任何人都可以建议我用python/java写的任何现有的包装纸?

关于如何从头开始实现它的任何指针?

附:我知道sklearn和类似的库有DBSCAN,但我特别需要在TensorFlow

python tensorflow cluster-analysis dbscan
2个回答
1
投票

我知道我就像晚了一年,但是为了将来的参考:here是我实现类似DBSCAN的算法。例如,它可能会给出与sklearn中实现的算法略有不同的结果,尤其是对于可能属于多个集群的观察结果。我知道这可能不是最佳的。我知道,在实现算法时,TF不是最佳选择。但也许有人会发现这些代码很有价值。

相关代码:

import tensorflow as tf
import numpy as np

def run(vals, epsilon=4, min_points=4):

    def merge_core_points_into_clusters(elems):
        row = elems
        mat = core_points_connection_matrix
        nonempty_intersection_inds = tf.where(tf.reduce_any(tf.logical_and(row, mat), axis=1))
        cumul = tf.logical_or(row, mat)
        subcumul = tf.gather_nd(cumul, nonempty_intersection_inds)
        return tf.reduce_any(subcumul, axis=0)
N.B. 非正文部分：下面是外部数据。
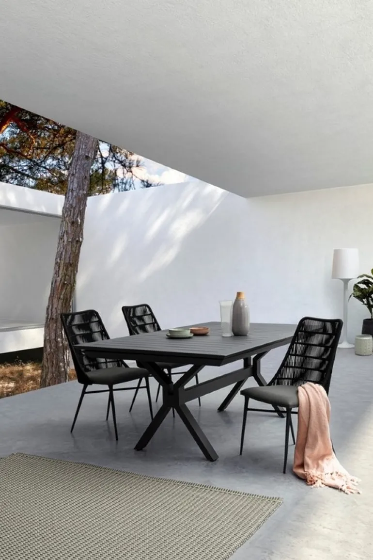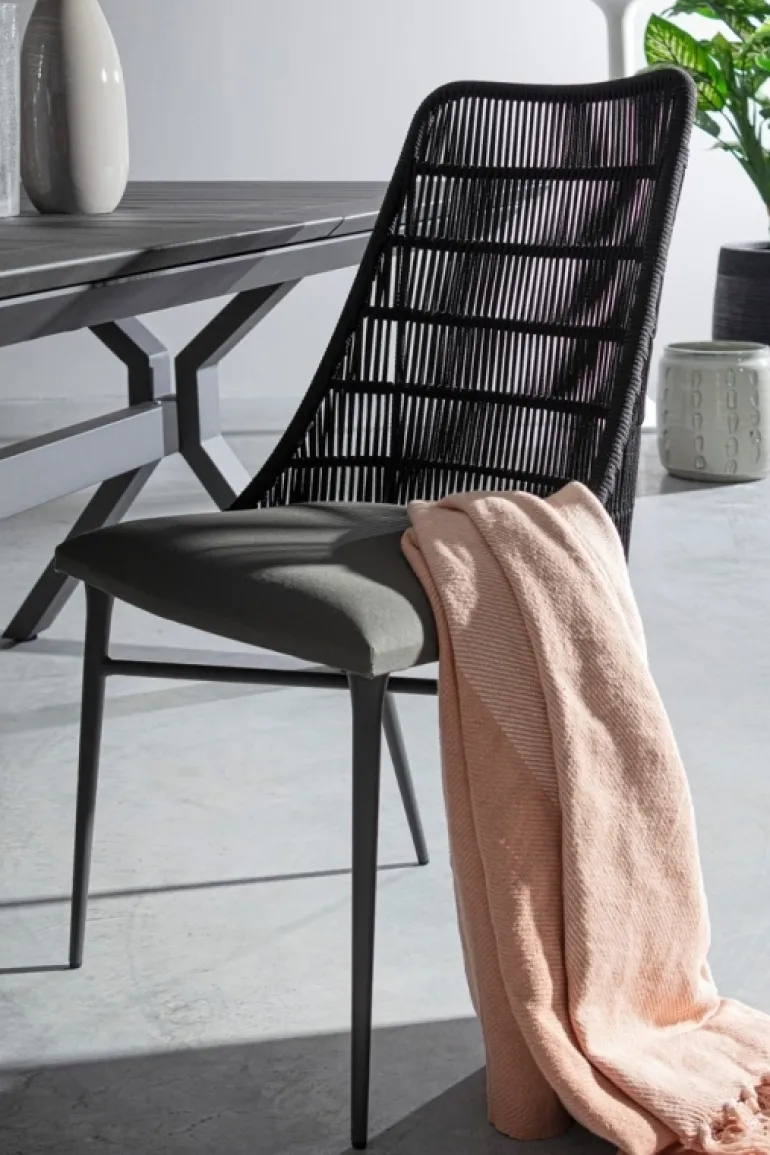 STRUTTURA IN ALLUMINIO (FUSIONE) VERNICIATO A POLVERE (POLIESTERE). INTRECCIO PER ESTERNO IN CORDA (POLIPROPILENE), IDROREPELLENTE E RESISTENTE AI RAGGI UV. SEDUTA NON SFODERABILE CON TESSUTO SUNPROOF OLEFIN (100% POLIPROPILENE). IMBOTTITURA PER ESTERNO QUICK DRY FOAM (ANTIUMIDITA’).

    def label_clusters(elems):
        return tf.reduce_min(tf.where(elems))

    def get_subsets_for_labels(elems):
        val = elems[0]
        labels = elems[1]
        conn = relation_matrix

        inds = tf.where(tf.equal(labels, val))
        masks = tf.gather_nd(conn, inds)
        return tf.reduce_any(masks, axis=0)

    def scatter_labels(elems):
        label = tf.expand_dims(elems[0], 0)
        mask = elems[1]
        return label*tf.cast(mask, dtype=tf.int64)

    data_np = np.array(vals)

    eps = epsilon
    min_pts = min_points

    in_set = tf.placeholder(tf.float64)

    # distance matrix
    r = tf.reduce_sum(in_set*in_set, 1)
    # turn r into column vector
    r = tf.reshape(r, [-1, 1])
    dist_mat = tf.sqrt(r - 2*tf.matmul(in_set, tf.transpose(in_set)) + tf.transpose(r))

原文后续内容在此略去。